While attempting to remove it the unit came apart in my hand. No I didn't break it but I did look at it very closely It appeared that the unit was not glued or the glue didn't adhere very well. I mixed up some epoxy and put it back together. While squeezing the unit It developed a bubble in on of the corners. Squeezing and releasing the port for the sensor caused the bubble. so I applied more to the corner to fill the gap. I let it set up and reinstalled the unit. The next day, after performing another repair, I restarted the truck. Everything ran well and it sounded like it was happy. I let it warm up and took it for a ride. It had been stalling within the first quarter mile of travel. I made it past that point and the took it for a shake down run. No stalling occurred.
My only conclusion, at this point, was that the poor seal and or the leak in the corner was not allowing the unit to respond to the atmospheric pressure changes in the manifold. Thus it was cutting off the fuel and caused it to stall.
I hope this information will help someone else. Keep looking! I have been perusing this problem for 6 Months. Good Luck
I cleaned the ground connections and changed the start relay and the power distribution / fuse block unit. The ECM and The PCM. Thank God for the Pick your own part places. they saved me hundreds. Each time I did a Change I would put the original computer part back in. I hate to hunt and pick. So as you tell I have a few spare parts extra.

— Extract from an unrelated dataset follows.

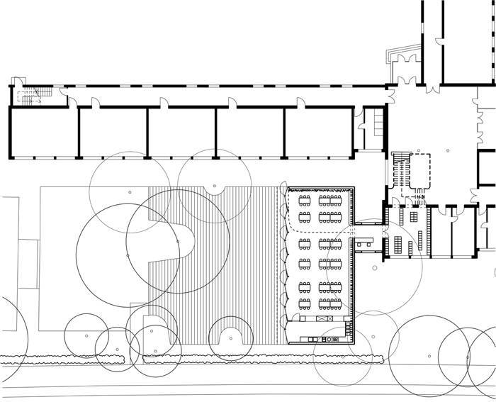 Der Mensaneubau erweitert das Gebäudeensemble der Schule auf dem Tempelhofer Feld in Berlin Tempelhof. Die nach dem 2. Weltkrieg errichtete Grundschule folgt mit ihren von den Straßenräumen abgerückten Gebäudekubaturen, den städtebaulichen Idealen der 50er Jahre. Die neue Mensa vervollständigt den bestehenden, windmühlenartig angelegten Hauptbau um den vierten Flügel, wobei die Typologie der durchgrünten Stadt gestärkt wird, der Parkcharakter des Grundstücks setzt sich im Innenraum fort. Die sichtbaren filigranen Holzspanten des Dach- und Wandtragwerks steht im direkten Bezug zur Lage des Gebäudes unterhalb der Baumkronen, und kann als zweites "Astwerk" gelesen werden. Die Glasfront erweitert den Speiseraum zu einem baumbestandenen Holzdeck, die Grenzen von gewachsenem Holz und Holzkonstruktion werden bewusst überlagert.

I bought my own code reader, got tired of waiting 15 minutes to reset the Check engine light. I also looked at fuel pump wiring and possibly changing fuel pump.
NOTE: its a lot harder than they say to change the pump unless you have special tools.ie. lift, extra floor jack, extensions for the ratchets, wood blocks to support the units or the Bed. It is not a job to take on by yourself. I viewed three ways to do it and found that the easiest way to attempt it would be to lift the bed. There is a few videos on U-Tube.

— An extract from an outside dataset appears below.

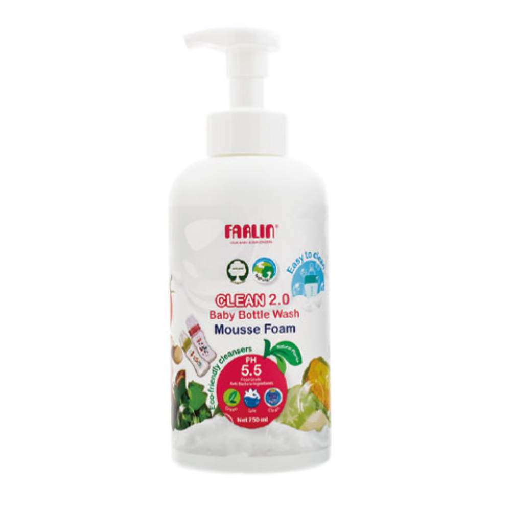 وصف المنتج: منظف زجاجات FARLIN-CLEAN 2.0 بحجم 750 مل مع مضخة الرغوة يوفر تنظيفًا فعالًا وآمنًا لزجاجات الرضاعة وأدوات الأطفال. يحتوي على تركيبة لطيفة وخالية من المواد الكيميائية الضارة، ويأتي مع مضخة رغوة لتوفير الرغوة بسهولة وسرعة أثناء الاستخدام. مثالي للاستخدام اليومي في تنظيف بقايا الحليب والأوساخ من أدوات الأطفال.

Utilize your resources. U-Tube is good, but you have to pick and choose who to watch There are a lot of chat rooms and help blogs. Watch those too. They want your money and then make suggestions that you may have already have done.
Do your home work, Get detailed symptoms and then go about fixing the problem. Most of all Check your fluids! Gas, Transmission, and Oil fluids a low one can ruin your day.
Thanks for posting your info. Hope it helps someone else!